Seit 1992 hilft der Caritasverband für das Erzbistum Berlin Obdachlosen wie Alfons. Die Ambulanz am Bahnhof Zoo ist das älteste medizinische Versorgungsprojekt für Wohnungslose in der Hauptstadt. Hier werden Hilfsbedürftige und Menschen ohne Krankenversicherung behandelt, Menschen, die nicht in der Lage sind, zu einem Arzt zu gehen und medizinische Regelangebote in Anspruch zu nehmen.

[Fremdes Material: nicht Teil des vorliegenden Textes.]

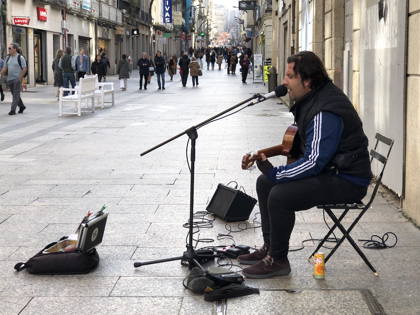 Este hombre es uno de los músicos callejeros que ponen la banda sonora en la Rúa do Príncipe de la ciudad de Vigo, la más comercial y concurrida. Interpreta el blues de una manera muy agradable, pero no es el único que deleita el paseo con su música.

Etwa 5000 Behandlungen im Jahr werden in der Ambulanz durchgeführt. Normalerweise, denn weil auch in der Corona-Zeit die offenen Sprechstunden angeboten werden, „liegen wir jetzt schon bei 7000 Behandlungen“, sagt der Leiter der Caritas-Ambulanz, Martin Weber. „Wir gehen gerade auf dem Zahnfleisch, weil sich Ausfälle durch Krankheit häufen.“
Ähnlich prekär ist die Lage in der Caritas-Krankenwohnung in der Moabiter Turmstraße. Die Wohnung ist ein Angebot für Menschen, die vorwiegend auf der Straße leben. Viele von ihnen sind nicht krankenversichert oder haben einen ungeklärten Versicherungsstatus. Sie sind oft in gesundheitlich schlechtem Zustand: Hauterkrankungen, Wundinfektionen, Knochenbrüche, Bauchkrämpfe, Blutvergiftungen.
Aufmunternde Worte und Gesten sind wichtig

„Was für jeden von uns gefährlich ist, wird auf der Straße schnell lebensbedrohlich. Darum bieten wir nach einer Erstversorgung im Krankenhaus oder einem medizinischen Hilfsprojekt für Wohnungslose einen Platz zum Gesundwerden. In der Krankenwohnung können sie sich auskurieren und wieder auf die Beine kommen“, erklärt die Leiterin der Caritas-Krankenwohnung, Marlene Köster.
„Doch wenn wir nicht schnell neue Pflegefachkräfte finden, können wir die Versorgung in diesen schwierigen Corona-Zeiten nicht in vollem Umfang aufrechterhalten“, befürchtet sie. Was in der emotionsgefüllten Advents- und Weihnachtszeit besonders schlimm wäre, weil nicht nur der Verbandswechsel oder die Spritze wichtig sind sondern ebenso ein aufmunterndes Wort, eine freundliche Geste oder der Rat einer Sozialarbeiterin.

„Wer kein Zuhause hat, erlebt in der Weihnachtszeit statt Freude oft Hunger, Kälte und Leid. In diesem Jahr mehr denn je. Umso wertvoller ist jeder Teller heiße Suppe, jedes warme Bett in einer Notunterkunft, jede Behandlung in der Ambulanz am Bahnhof Zoo. „Bitte spenden Sie dafür – so großherzig und großzügig, wie es Ihnen möglich ist“, bittet Caritasdirektorin Ulrike Kostka.
Alfons nickt. „Ich bin so dankbar für die Hilfe, die ich bekomme“, sagt er leise und mit Tränen in den Augen. Er hatte Glück im Unglück.